Social Security: An Issue to be Conservative About

Daniel Riehs

      Recent polls have shown fewer and fewer people to be in favor of President Bush’s plan to privatize Social Security. For me, the issue of Social Security reform has been one of great interest. Curiously enough, this interest initially came from the fact that I did not know why I was supposed to oppose it.

      At his State of the Union Address, President Bush told the nation that there was a Social Security crisis. He then suggested an interesting way of dealing with the crisis and fixing the failing system—privatization. The boost of Democratic opposition showed that they stood firmly against this plan, but as I waited for their counter-suggestion, it became clear to me that the Democrats did not have one. The President had spotted a problem and suggested a solution. His opposition seemed to be taking the strangely conservative stance of sticking to the status quo instead of trying to make improvements.

      I was incredibly confused by this. Do Democrats dislike Bush so much that they are willing to condemn America’s elderly population to poverty just to oppose him? Their decision did not seem to be liberal or progressive at all, just anti-Bush. What was going on here?

      What was going on was that the Democrats had realized that there was no Social Security crisis. As more Americans became aware of this, it also became increasingly clear that even if there were a crisis, the President’s plan would not provide any kind of solution. Privatization only succeeds in phasing out the Social Security program, not improving it.

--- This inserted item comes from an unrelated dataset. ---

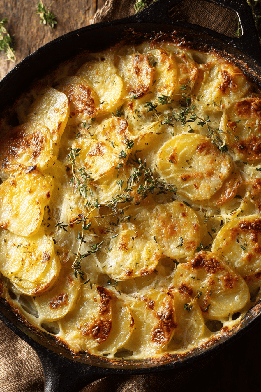 Potatoes layered thick, creamy, bursting with roasted garlic, the kind that fills the kitchen with that earthy sweet aroma. Not your usual Jarlsberg tossed in, swapped for Gruyere — shaper, nuttier bite. Yukon Golds here for their buttery texture, hold shape without turning gluey. Roasting garlic slow unlocks sweetness, not just raw bite — that mellow punch. Timing’s a bit of a dance. Overcook, potatoes mush, undercook raw snap ruins the whole dish. And cheese, don’t skimp — it’s the crust, the golden crown that seals in cream. Past runs? Too fast in oven, you get a burnt top, raw center — patience pays off. Thyme tossed in last-minute, my little tweak for that woodsy note. Layers done right, neat even slices, no clumps, or else you get uneven cook and a heavy mess. These lessons stick.

      According to the Social Security Trustees report, Social Security can continue to operate as it has been, with no changes, through the year 2042. After that, benefits will have to be reduced, but they will still be higher than the benefits current retirees receive. This can be averted with a small increase in the payroll tax, which is the tax that funds Social Security. Many people do not realize that it has been necessary to raise this payroll tax several times throughout the history of the program. Since Social Security can exist in its present form for the next 37 years without any changes, the program is quite literally sounder than it has ever been.

      The President’s plan would not bring more money into the Social Security system. What he proposes to do is to cut both Social Security taxes and benefits so that workers can put some of their Social Security money into private funds. Since less money would be coming into the system, this would require massive federal borrowing to pay current high benefits. More importantly, though, once the period of transition ended, Social Security would not be a better program, it would just be a smaller, less effective one.

      Social security is not in danger. The President has only suggested that it is in danger so that he can make significant changes to the program. Democrats do not oppose the plan because they are trying to be anti-Bush or because they are ideologically opposed to private retirement funds; they oppose it because there is no imminent reason to change the current system. That is a very conservative motivation, but maybe just this once it’s worth being a little conservative.